NF1 mutation increases synergy between RAS pathway and triglyceride synthesis inhibitors. A) Schematic description of selected metabolic inhibitors and their respective enzymatic targets: 2-Deoxy-d-glucose (2DG), bis-2-(5-phenylacetamido-1,3,4-thiadiazol-2-yl)ethyl sulfide (BPTES), Etomoxir (EX), PF-04620110 (DGAT1i), PF-06424439 (DGAT2i). B) NF1 deficiency increases sensitivity to targeted and metabolic inhibitors. A crossbar plot describing the antiproliferative impact of 4OHT, COB, EVE, 2DG, BPTES, EX, DGAT2i, and DGAT1/2i on NF1-EV and NF1-45 (n = 2, 8 technical replicates per biological replicate). The bar represents the geometric mean, and the error bar boundaries represent the 95 % confidence interval boundaries. C) Bliss synergy plots describing the synergy between 2DG and 4OHT, COB, and EVE. Bliss synergy was calculated and visualized using the SynergyFinder R package (n = 2, 8 technical replicates per biological replicate). D) Bliss synergy plots describing the synergy between BPTES and 4OHT, COB, and EVE. Bliss synergy was calculated and visualized using the SynergyFinder R package (n = 2, 8 technical replicates per biological replicate). E) Bliss synergy plots describing the synergy between Etomoxir and 4OHT, COB, and EVE. Bliss synergy was calculated and visualized using the SynergyFinder R package (n = 2, 8 technical replicates per biological replicate). F) Bliss synergy plots describing the synergy between DGAT2i and 4OHT, COB, and EVE. Bliss synergy was calculated and visualized using the SynergyFinder R package (n = 2, 8 technical replicates per biological replicate). G) Bliss synergy plots describing the synergy between DGAT1i and DGAT2i combination treatment and 4OHT, COB, and EVE. Bliss synergy was calculated and visualized using the SynergyFinder R package (n = 2, 8 technical replicates per biological replicate). H) IncuCyte proliferation graphs of EV and MUT45 cells grown in 10 nM E2 and Vehicle, 10 μM DGAT2, 100 nM COB, or 10 μM DGAT2 + 100 nM COB. The geometric mean is visualized by the connecting line and the 95 % confidence interval by the shading (n = 2, 8 technical replicates per biological replicate).

4. Discussion

Historically, the tumor suppressor NF1 was studied in the context of NF-associated benign and malignant neuronal tumors, but recent genomic and epidemiological analyses have identified NF1 as a driver of inherited breast cancer, sporadic breast cancer, and endocrine resistance [[2], [3], [4], [5], [6], [7], [8], [9]]. Despite these recent analyses connecting NF1 and breast cancer, there is a fundamental need for a greater understanding of neurofibromin's role in breast cancer development, biology, and therapeutic response. One essential and previously unexplored area of study is the relationship between NF1 deficiency and breast cancer cell metabolism. Activated oncogenes and inactivated tumor suppressors are known to contribute to tumorigenesis by reprogramming cellular energetics and metabolism towards macromolecular synthesis – a phenomenon termed “metabolic reprogramming” [20]. Despite neurofibromin's known role as a breast cancer tumor suppressor, no study had evaluated NF1-driven metabolic reprogramming in ER+ breast cancer – a gap this study aimed to fill.

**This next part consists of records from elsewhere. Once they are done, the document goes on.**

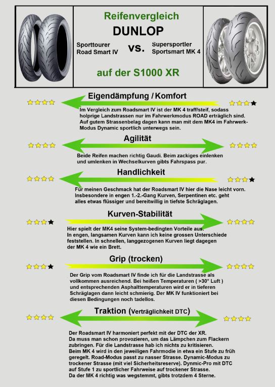 Generell will ich mit meinem Testbericht eine Gegenüberstellung vom Dunlop Roadsmart IV mit dem Sportsmart MK4 machen. Vielleicht kann ich damit ja dem einen oder anderen eine Entscheidungshilfe bei der XR geben "Sporttourer- vs. Supersport-Reifen".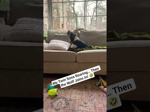 My Twin Sons Roaring Then behind him the Wolf Joins In! 🤣 #funnymoments #cute #twins#wolf#roaring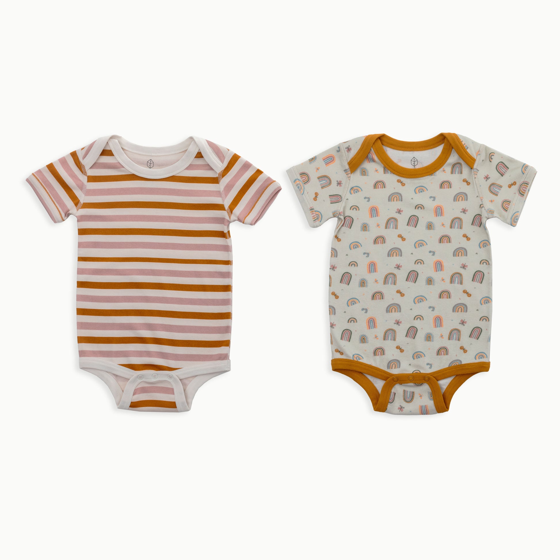Includes: 2 Short Sleeve Bodysuits (Rainbows + Striped).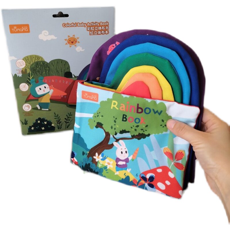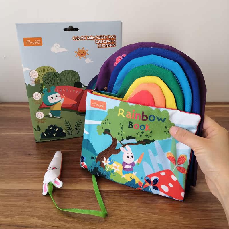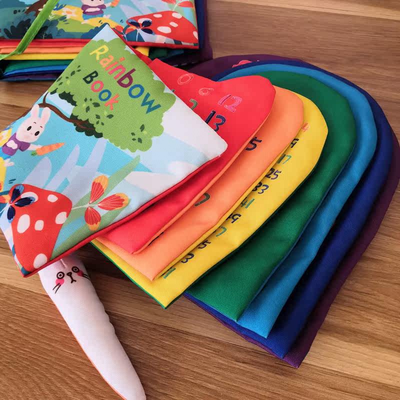Rainbow three-dimensional early education baby English math digital mother learning multi-functional puzzle cloth book can not be torn and can be bitten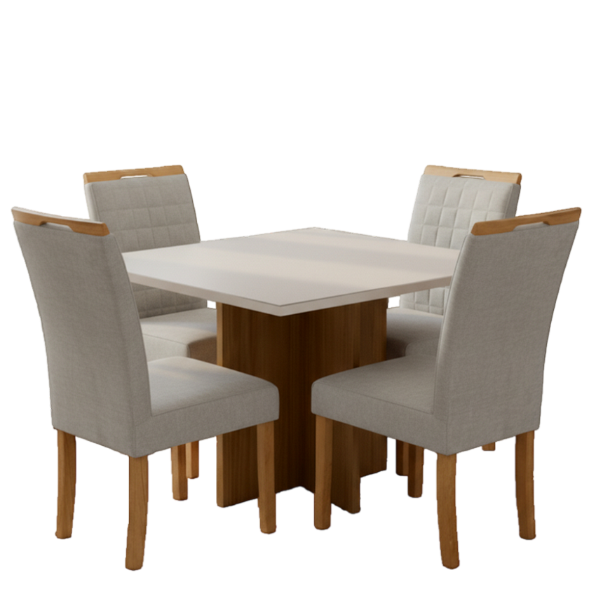 Mesa Salinas 90 Cinamomo/Off White com Cadeiras Pandora 01 Veludo Cinza Prata 127 – AVALON DECOR + CARVALHO DECOR

We employed a novel NF1-deficient ER + breast cancer MCF7 model and previously published Nf1-deficient rat models to evaluate NF1-driven metabolic reprogramming in ER+ breast cancer.

We demonstrated that NF1 deficiency results in decreased NF1 mRNA and decreased neurofibromin 250 kDa isoform expression. This change in neurofibromin expression is accompanied by a decrease in estrogen pathway signaling and an increase in RAS and PI3K/AKT pathway signaling, which is expected given neurofibromin's RAS-GAP function. We also demonstrate that NF1 deficiency increases 2D and 3D cell proliferation while reducing basal and maximal oxidative ATP production twofold.

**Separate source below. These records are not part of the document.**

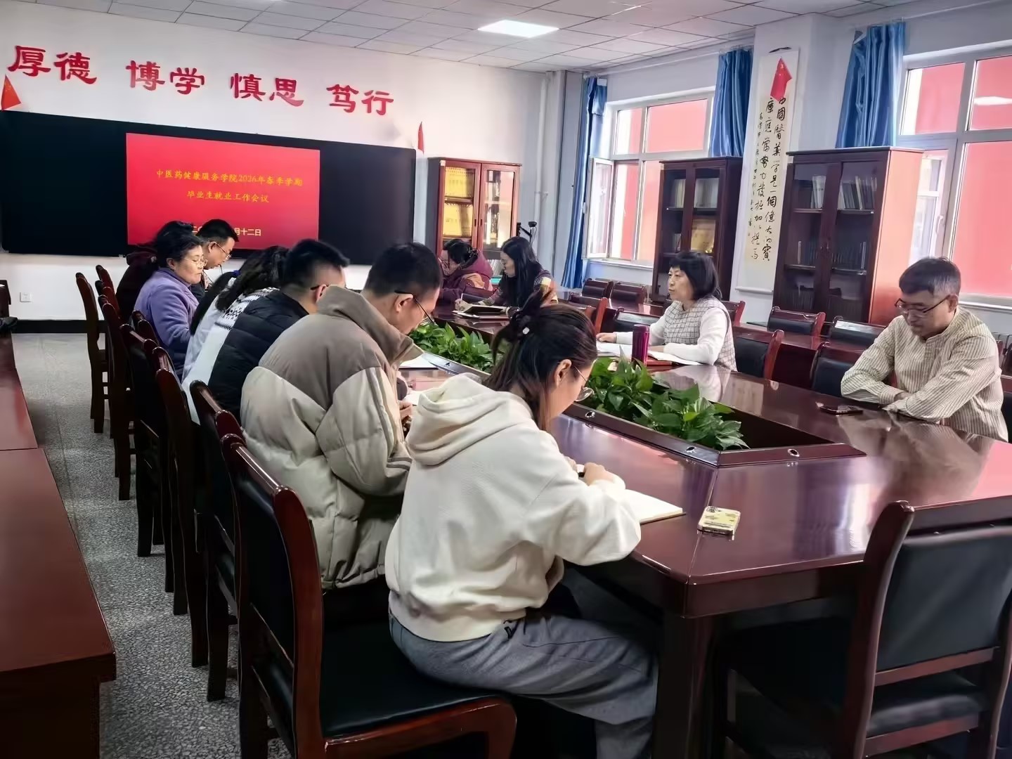 会上,董文华紧密结合当下严峻复杂的就业形势,强调就业工作关乎每一位毕业生的未来发展,关乎无数家庭的幸福安宁,责任重于泰山。全院上下务必牢固树立“就业优先、服务至上”的坚定理念,将毕业生就业工作置于学院工作的核心位置,作为当前工作的重中之重。她进一步指出,当下正值毕业生求职的关键阶段,就业市场风云变幻,各类挑战与机遇并存。毕业班级和必须时刻保持高度敏锐,将就业这根弦绷得紧紧的,坚决摒弃消极等待和敷衍了事的思想,切实把就业责任扛在肩上,落实到具体行动中,确保就业工作无疏漏、无死角。针对下一阶段的毕业生就业工作,董文华提出要求:一要提高政治站位,强化责任担当。全体学工干部要主动深入毕业生群体,与毕业生面对面交流,精准把握毕业生的就业意向、求职困惑和实际需求,做到守土有责、守土尽责,为毕业生的就业之路排忧解难。二要聚焦重点领域,开展全面帮扶。围绕简历制作、面试技巧、职业规划、行业认知等关键环节,开展针对性的就业指导和培训,为毕业生提供全方位的就业支持。建立详细的就业困难毕业生台账,明确帮扶责任人和帮扶措施,确保每一位就业困难毕业生都能得到及时有效的帮助。三要健全长效机制,形成就业合力。充分发挥辅导员、班主任、专业教师的联动作用,持续强化与现有合作企业的沟通交流与协作配合,积极主动开拓新的企业合作关系,构建起全员参与、全过程覆盖、全方位保障的就业工作格局,为毕业生创造更多的就业机会。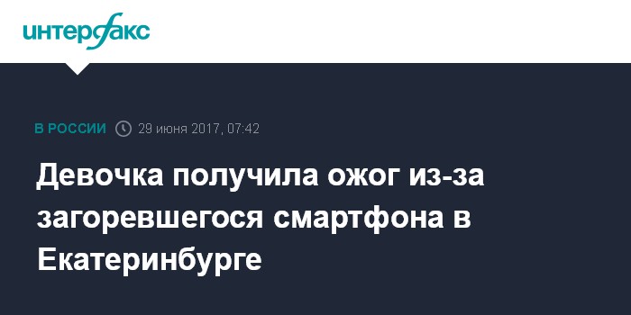 Москва. 29 июня. INTERFAX.RU - Следственные органы в Екатеринбурге проводят проверку после того, как девочка получила телесные повреждения из-за самопроизвольно загоревшегося смартфона, сообщает пресс-служба Следственного управления СКР по Свердловской области.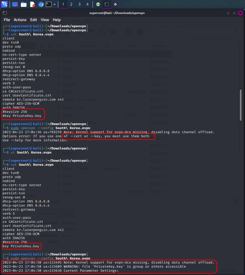 [명령어] echo "key PrivateKey.key" >> *.ovpn 과 같이 명령어를 입력하시면 모든 설정파일 마지막 줄에 key PrivateKey.key가 추가됩니다.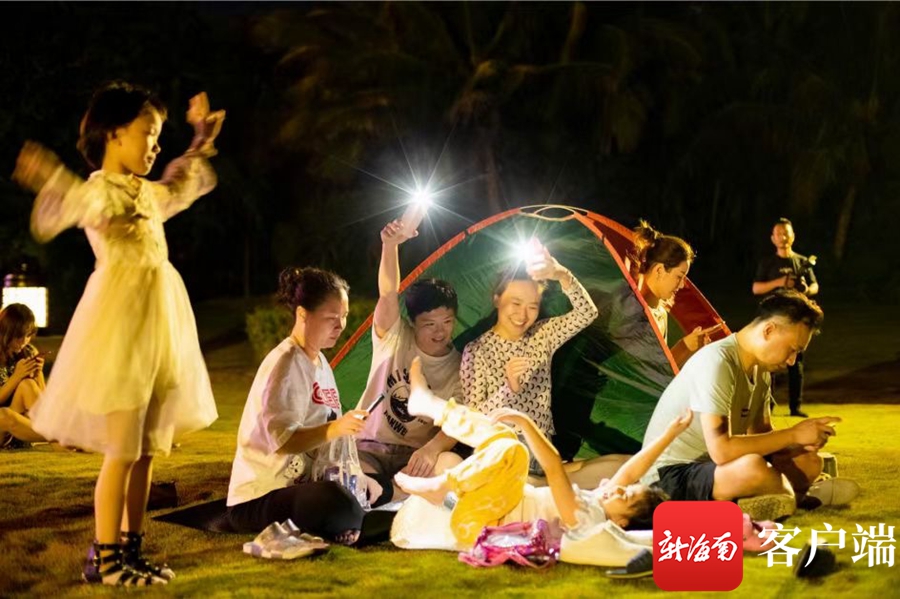 “星空部落野營”吸引了不少游客參與,他們在海邊草地或沙灘露營,燃起篝火,聆聽鄉(xiāng)村音樂,體驗不一樣的樂趣。
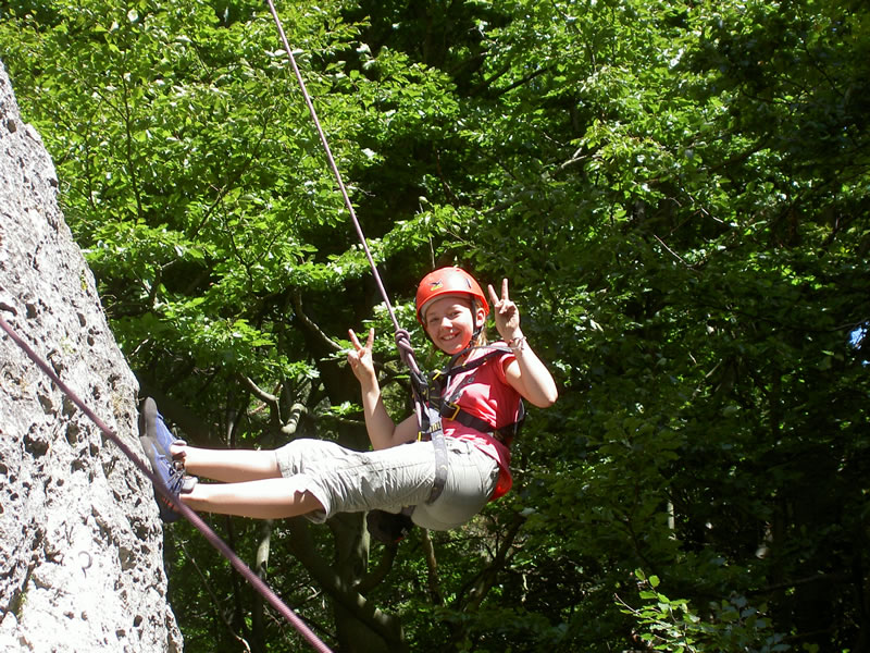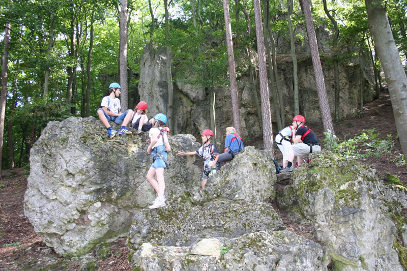 Sammelt erste Erfahrungen im Felsklettern! Nach einer ausführlichen Einweisung könnt ihr die Felsen immer gut gesichert auf unterschiedlich schwierigen Routen erklimmen. Egal ob ihr Anfänger seid, oder schon Erfahrung habt, die Kalkfelsen im Nürnberger Land werden jedem Spaß machen, denn nicht umsonst ist diese Region ein ausgesprochenes Paradies für Kletterer. Neben dem Felsen gibt es noch verschiedene Klettersteige zum selbständigen Erkunden: ein einzigartiger Kinder-Klettersteig und der sportliche Höhenglücksteig für alle älteren Kinder (ab 12 Jahren) und natürlich für die Eltern! Der Kletterfelsen ist zu Fuß vom Zeltplatz aus in ca. 30 min erreichbar.

Using RNAseq, we found that NF1 deficiency globally altered transcription. When we investigated the impact of NF1 deficiency on metabolism-specific transcription, we noted a change in OXPHOS-related transcription and FA and lipid-related transcription. When we performed glucose and glutamine stable isotope labeling, we saw a decrease in glucose TCA incorporation and an increase in glutamine TCA incorporation, suggesting a shift in TCA intermediate carbon sourcing. Perhaps the most striking metabolic finding was a ∼1.5–2.5-fold increase in lipid species across classes. Of the enriched species, TGs were most dramatically and consistently increased.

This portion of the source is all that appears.